### PROBLEM REQUIREMENTS
May I please have every record restated word for word, with the images left out?
_ _ _ _
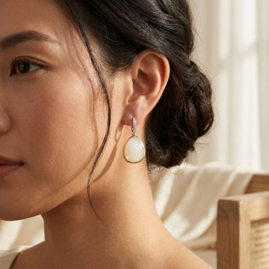 De la estructura pende una piedra blanca lechosa (nácar/cristal) con una exclusiva talla de faceta irregular de fantasía. Esta piedra está cuidadosamente enmarcada en un bisel de oro amarillo, creando un contraste cálido y sofisticado. Su silueta orgánica y fluida ofrece el equilibrio ideal entre el minimalismo moderno y la elegancia clásica femenina. Como es habitual en la firma, son hipoalergénicos y libres de níquel, garantizando una comodidad total incluso para las pieles más sensibles durante todo el día.
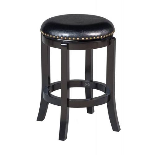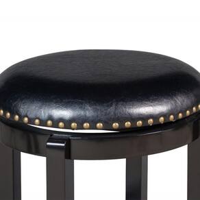 Banqueta giratória redonda de couro sintético Benjara Nailhead Trim com perna larga, preta - consiste apenas em um banquinho de balcão de estilo transitório.
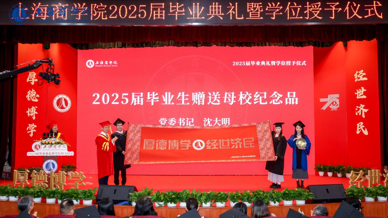求学路上,同学们用脚步丈量祖国山河,用智慧点亮全国舞台,用汗水浇灌出累累硕果,每一份付出都化作闪耀的功章,这既是对时代的响亮回答,更是奔向未来的坚实底气。典礼上,同学们共同观看毕业纪念MV《我们》。张绍华宣读《关于表彰2025年度市级、校级优秀毕业研究生的决定》《关于表彰2025年度市级、校级优秀毕业生的决定》,张洁、张绍华为荣获2025年度市、校级优秀毕业生代表颁发荣誉证书。商务经济学院国际商务专业研究生吴秋婵作为研究生代表发言,商务外语学院商务英语专业本科生徐铃权作为本科生代表发言,他们感谢学校坚实的平台、系统的培养,老师们的谆谆教诲,让每一位毕业生都成为有责任、有担当、有温度的人。毕业之际,2025届全体毕业生向母校赠送纪念品,祝福母校在商科发展的道路上,蒸蒸日上,再铸辉煌!校党委书记沈大明代表学校接受了毕业生赠送给学校的纪念品。
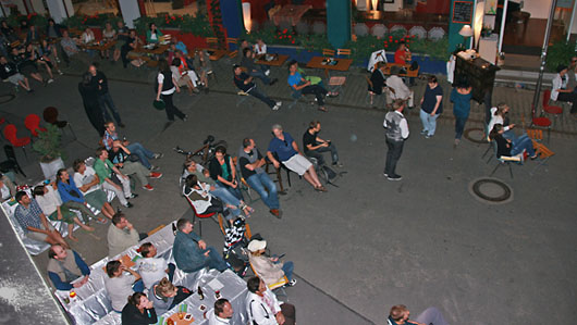 Etwa 350 Besucher waren der Einladung zur langen Filmnacht gefolgt. Zeitweise waren alle Sitzgelegenheiten belegt und manche Gäste hatten noch eigene Stühle mitgebracht. Andere nahmen einfach auf der Straße Platz.
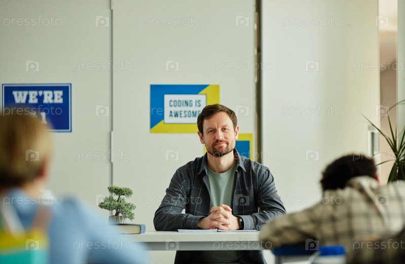 Учитель наблюдает за классом Мужчина
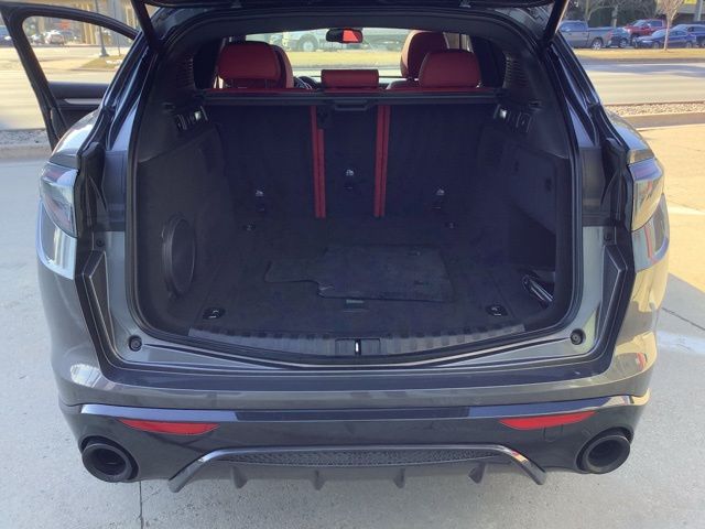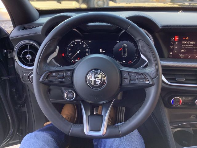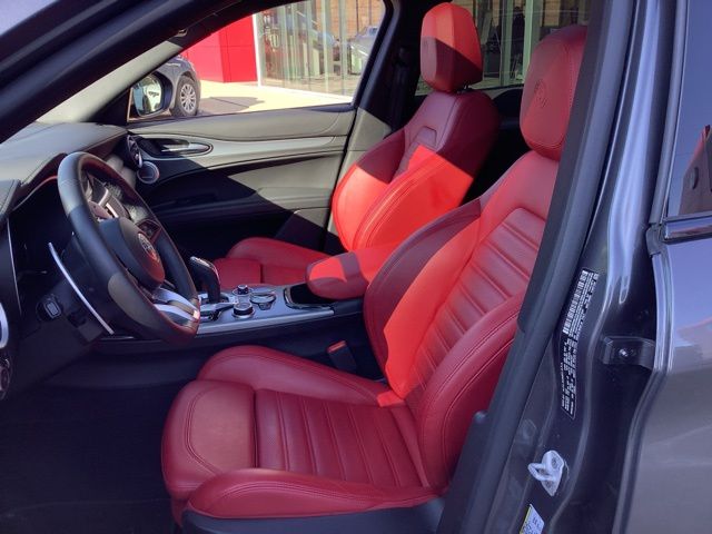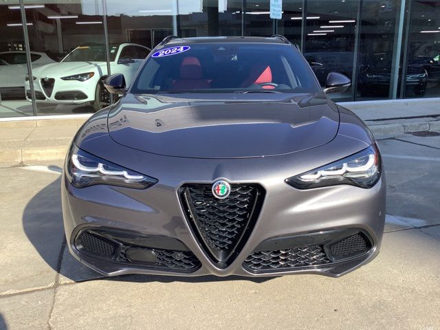 Golling Alfa Romeo of Birmingham is pleased to offer this 2024 Alfa Romeo Stelvio Veloce in Vesuvio Gray Metallic with Red Leather. This Stelvio is very well equipped with Premium Interior & Sound Package (harman/kardon Premium Audio and Leather Dash & Upper Doors), Quick Order Package 22S Veloce (Aluminum Steering Column Mounted Paddle Shifters, Dark Miron V Scudetto Grille, Front Strut Tower Brace, Limited Slip Differential Rear Axle, Power Adjust 8-Way Front Passenger Seat, Power Adjustable Bolster, Sport Leather Seats, Sport Rear Diffuser, and Volcano Black Body Kit), Alfa Romeo Certified Pre-Owned Certified, Heated front seats, Heated rear seats, Red Leather Sport Seats, and Wheels: 21" x 8.5" Dark 5-Hole Aluminum.
_ _ _ _
### TASK RESULT
 De la estructura pende una piedra blanca lechosa (nácar/cristal) con una exclusiva talla de faceta irregular de fantasía. Esta piedra está cuidadosamente enmarcada en un bisel de oro amarillo, creando un contraste cálido y sofisticado. Su silueta orgánica y fluida ofrece el equilibrio ideal entre el minimalismo moderno y la elegancia clásica femenina. Como es habitual en la firma, son hipoalergénicos y libres de níquel, garantizando una comodidad total incluso para las pieles más sensibles durante todo el día.
 Banqueta giratória redonda de couro sintético Benjara Nailhead Trim com perna larga, preta - consiste apenas em um banquinho de balcão de estilo transitório.
求学路上,同学们用脚步丈量祖国山河,用智慧点亮全国舞台,用汗水浇灌出累累硕果,每一份付出都化作闪耀的功章,这既是对时代的响亮回答,更是奔向未来的坚实底气。典礼上,同学们共同观看毕业纪念MV《我们》。张绍华宣读《关于表彰2025年度市级、校级优秀毕业研究生的决定》《关于表彰2025年度市级、校级优秀毕业生的决定》,张洁、张绍华为荣获2025年度市、校级优秀毕业生代表颁发荣誉证书。商务经济学院国际商务专业研究生吴秋婵作为研究生代表发言,商务外语学院商务英语专业本科生徐铃权作为本科生代表发言,他们感谢学校坚实的平台、系统的培养,老师们的谆谆教诲,让每一位毕业生都成为有责任、有担当、有温度的人。毕业之际,2025届全体毕业生向母校赠送纪念品,祝福母校在商科发展的道路上,蒸蒸日上,再铸辉煌!校党委书记沈大明代表学校接受了毕业生赠送给学校的纪念品。
 Etwa 350 Besucher waren der Einladung zur langen Filmnacht gefolgt. Zeitweise waren alle Sitzgelegenheiten belegt und manche Gäste hatten noch eigene Stühle mitgebracht. Andere nahmen einfach auf der Straße Platz.
 Учитель наблюдает за классом Мужчина
 Golling Alfa Romeo of Birmingham is pleased to offer this 2024 Alfa Romeo Stelvio Veloce in Vesuvio Gray Metallic with Red Leather. This Stelvio is very well equipped with Premium Interior & Sound Package (harman/kardon Premium Audio and Leather Dash & Upper Doors), Quick Order Package 22S Veloce (Aluminum Steering Column Mounted Paddle Shifters, Dark Miron V Scudetto Grille, Front Strut Tower Brace, Limited Slip Differential Rear Axle, Power Adjust 8-Way Front Passenger Seat, Power Adjustable Bolster, Sport Leather Seats, Sport Rear Diffuser, and Volcano Black Body Kit), Alfa Romeo Certified Pre-Owned Certified, Heated front seats, Heated rear seats, Red Leather Sport Seats, and Wheels: 21" x 8.5" Dark 5-Hole Aluminum.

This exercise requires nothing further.